Зевая, все еще ошеломленный, Джеймс приблизился к Патрику. Томас Мерчант тоже был в палате, он стоял у кровати. Его лицо было спокойно, а из глаз неудержимо текли слезы. Сестра вышла.
Глаза Патрика были открыты, но бессмысленны. Он был уже не такой бледный, как прошлым вечером.
— Эй, Патрик. — Джеймс присел на край кровати.
Глаза Патрика пытались сфокусироваться на Джеймсе.
— Джеймс, — тихо произнес он.
— Твой правый глаз открылся, — объяснил Джеймс, — он видит.
Патрик кивнул. С невероятным усилием он согнул правую ногу.
Джеймс уставился на согнутое колено.

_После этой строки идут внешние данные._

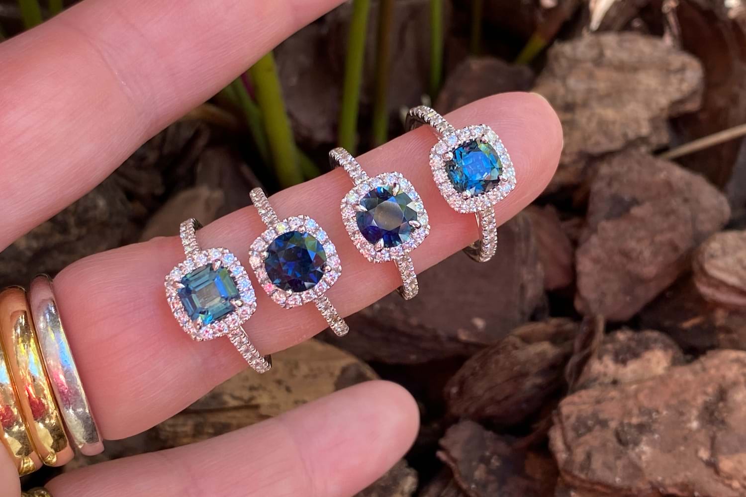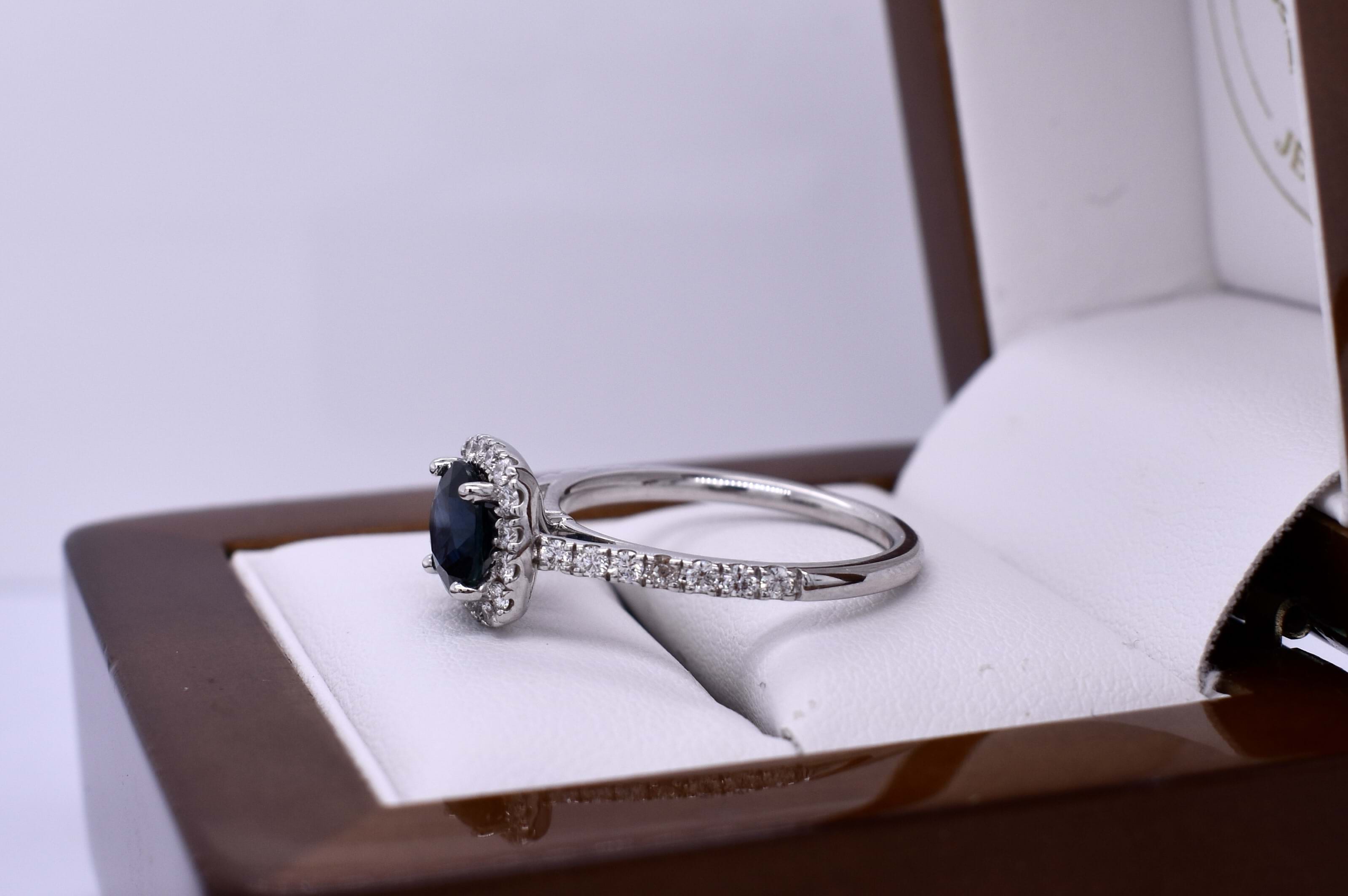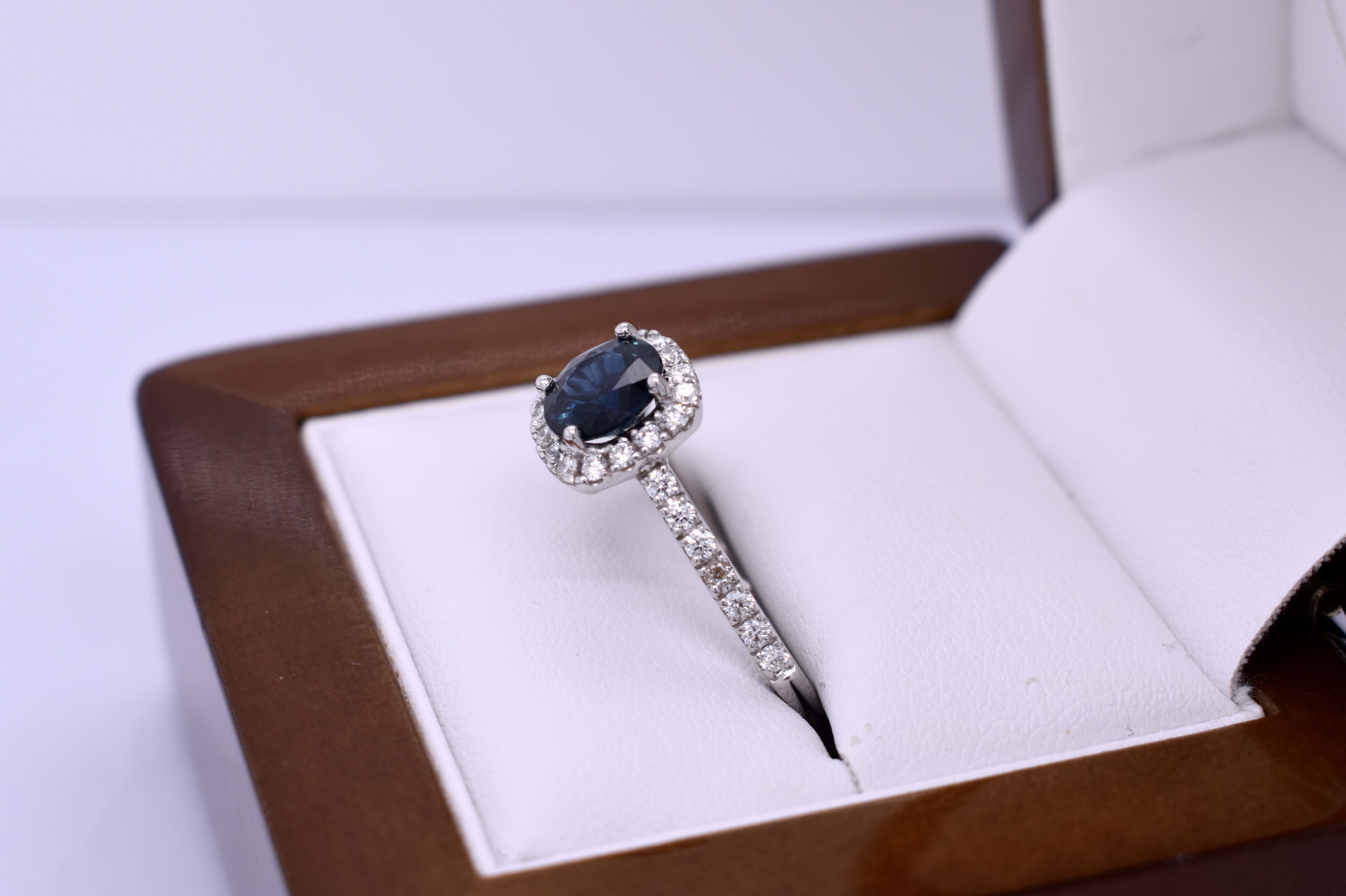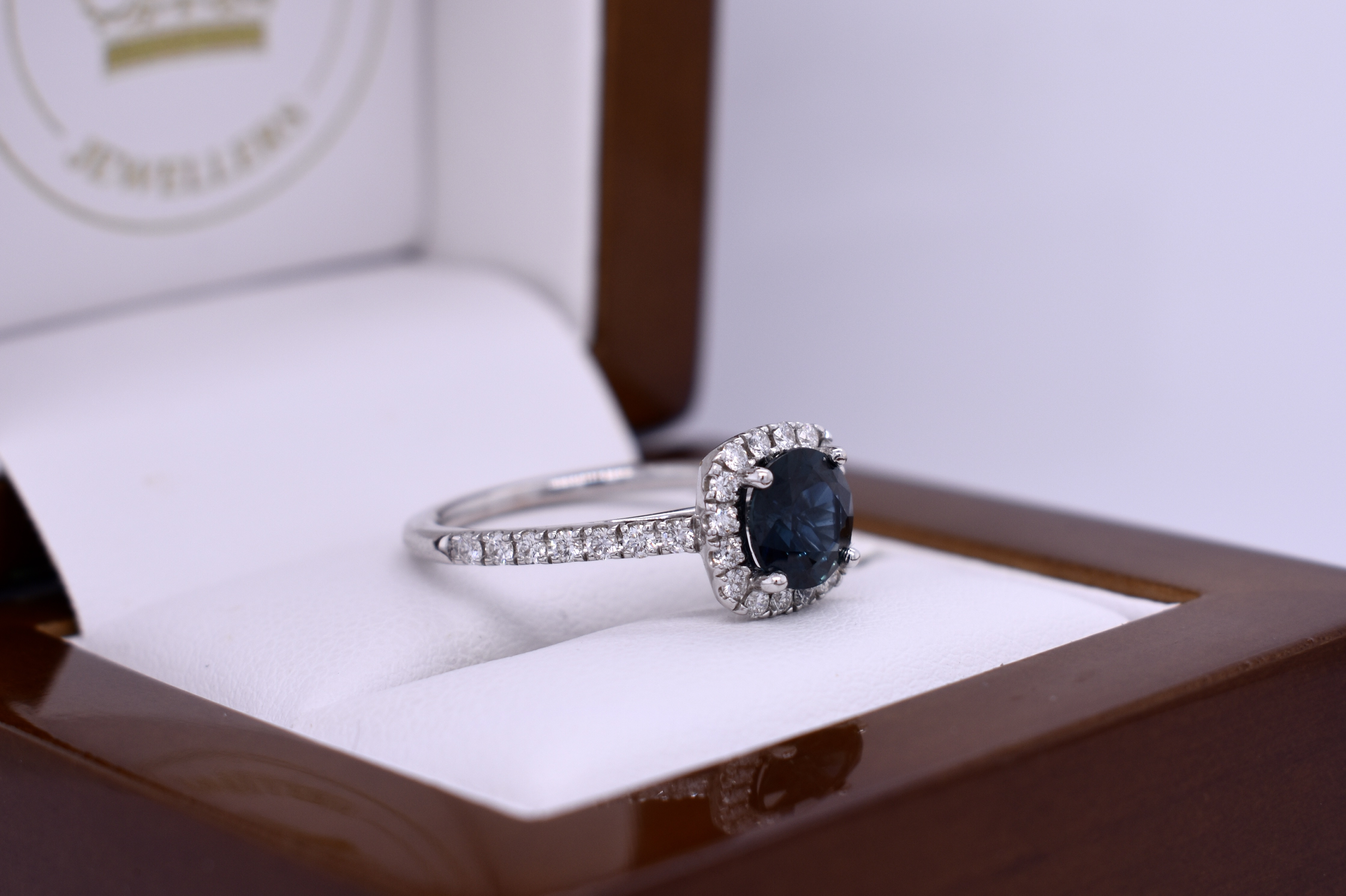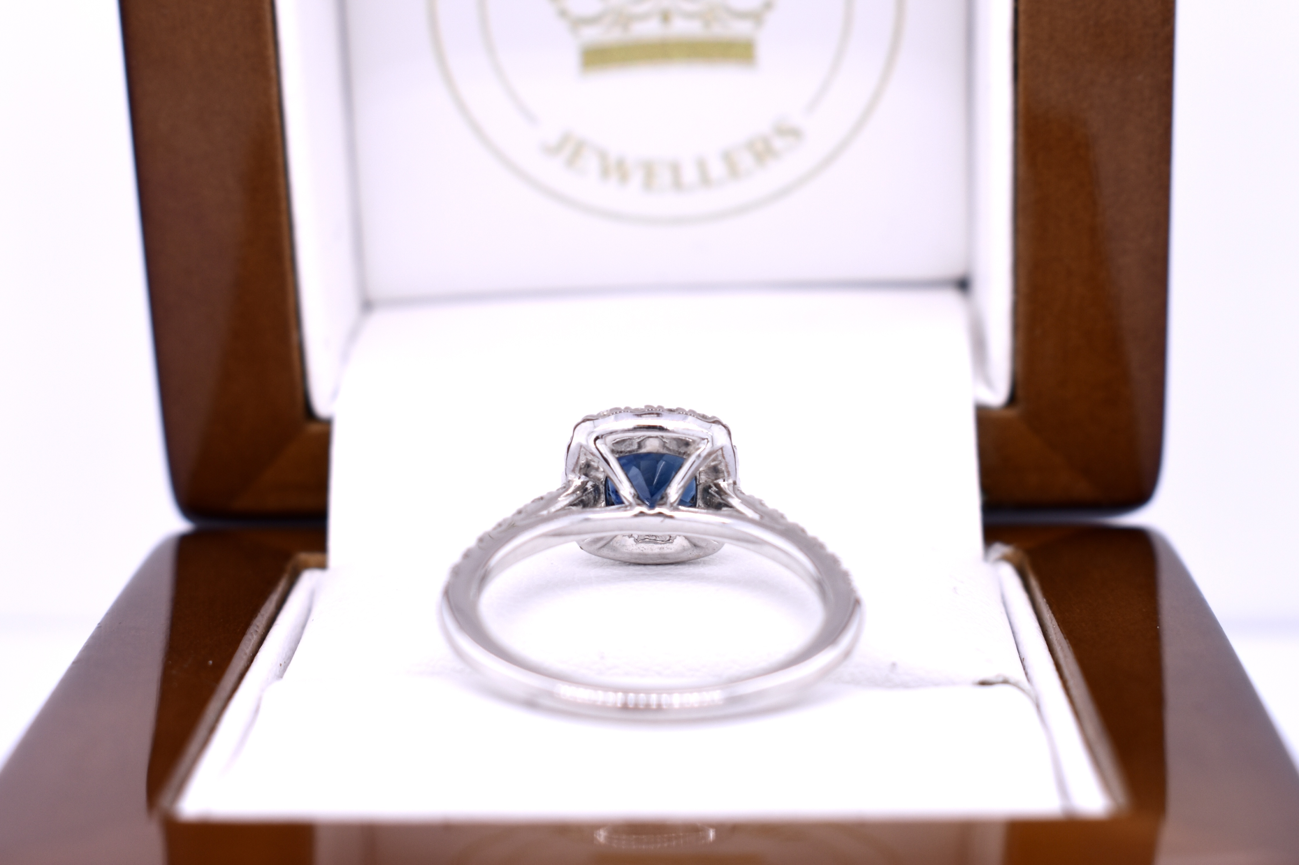 18ct White Gold 1.46ct Deep Blue Aus Sapphire & 0.44ct Diamond Halo Ring (N)

Он слегка коснулся его.
— Ты вылечился?
Патрик разогнул ногу.
— Не совсем, — проскрипел он.
— У вашего друга все еще парализованы правая рука и четыре пальца на ноге, — пояснил Томас Мерчант.

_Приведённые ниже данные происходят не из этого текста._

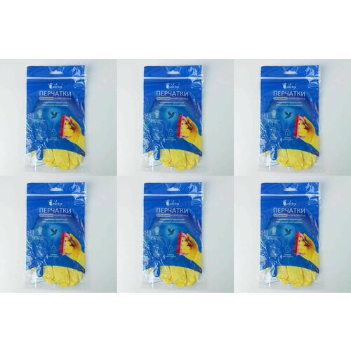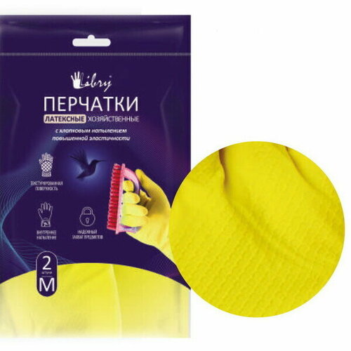 Libry Перчатки латексные хозяйственные с х/б эластичные, желтые, L, 6 уп
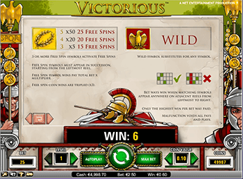 Игровой клуб Вулкан презентует демо эмулятор Victorious- слот-машину о Древнем Риме, временах жестоких кровавых побоищ за территории и власть. Окунувшись в атмосферу, которую излучает slot, геймеры забудут о будничной суете и полностью отдадутся риску. Символикой стали изображения римского воина в бою и в состоянии спокойствия, легиона солдат и жестокого императора.
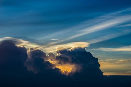 Beautiful dark orange sky evening beauty and Clouds at sunset , dawn, the rays of the sun break through the clouds. Natural background

— Они тоже заработают, Патрик, — ободрил Джеймс.
— Нет, сын мой, — голос священника звучал твердо, — они останутся парализованными.
Джеймс обернулся к священнослужителю. Он вглядывался в его лицо, в слезы, вызванные неведомыми чувствами.
— Откуда вы знаете? — спросил Джеймс.
— Это не важно, — произнес священник.
— Бранч. Джеймс.
Джеймс повернулся к койке. Повязка на голове Патрика была вдвое толще, чем у священника. Джеймс беспокоился, заметил ли Патрик свою худобу. Еще его интересовало, отпустят ли Патрика домой.
— Да, Патрик, — отозвался Джеймс.
Патрик закашлялся. Его глаза были воспалены от инфекции или печали.
— Рад, что ты здесь, — прошептал Патрик.
Джеймс погладил его по ноге.
— Мне очень жаль, Джеймс.
Джеймс был поставлен в тупик. Он сел, снова погладил ногу Патрика. Из коридора доносились утренние звуки: ездили тележки, застилались простыни, словно Патрик был не в больнице, а в дорогой, респектабельной гостинице. Он думал о том, проснулась ли Ралли, о Долли Партон, об обритых мальчиках, игравших в карты. Он раскачивался на стуле.
— Я… виноват перед вами обоими, — прошептал Патрик. — Мне жаль.
Джеймс вздохнул.
— Как ты смотришь на то, чтобы не болтать, а лежать и выздоравливать?
Патрик посмотрел на себя. Он не сводил глаз со своей безвольной правой руки. Он закрыл глаза и тихо засмеялся.
— Я классно вздрючил себя! Так ведь, Бранч?
Джеймс взглянул на священника. Он ждал от него нужных слов утешения, слов, которых он не знал. Но отец Мерчант предоставил инициативу Джеймсу.
— Патрик… — начал Джеймс. — Я… хмм. Может, тебе стоит помолчать? Просто отдыхать и выздоравливать.